The eyes above the mask flick between P’tit and Blanche’s peach silk skirt with what she recognizes as contempt. “That’s one word for it.”

Sunday morning, a tap at the door. Blanche lays P’tit down on the rug with his doorknob and rushes to intercept Gudrun. Measles, that’s what Blanche told all her lodgers yesterday when she went round to collect their rents. That seemed better than saying nothing. “Best not come in today either,” she tells the Swede now, as lightly as she can manage. “Arthur’s still rather unwell and can’t bear noise.”

A faint but ragged cry from the bedroom. Blanche wipes sweat out of her eyes. With all those sores in his mouth, Arthur can barely form a word. Ernest is with him, she reminds herself.

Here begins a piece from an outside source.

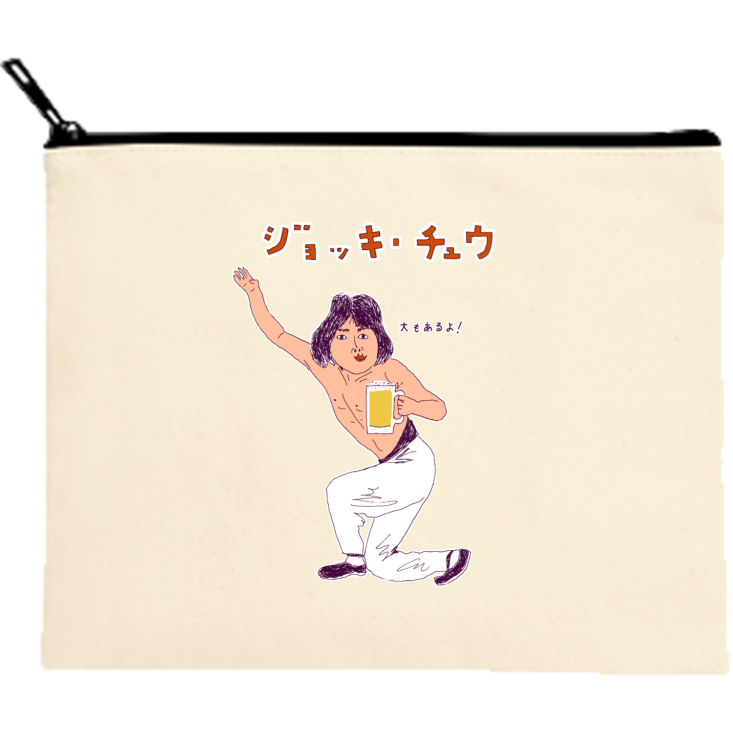 キャンバスフラットポーチ(M)【白プリント有】

“Not measles,” says Gudrun, taking a step back on the landing.

The sore on Blanche’s upper arm is throbbing, and P’tit’s is swollen too. Their new vaccinations must have been from a bad batch. But does that mean they were fake, from some tube of slime a swindler sold the Irish doctor, or the opposite, that they were too virulent, in which case they should at least keep the disease at bay? That’s what’s distracting Blanche as she stares down Gudrun. “If you could boil up these sheets for me in your room,” she presses on.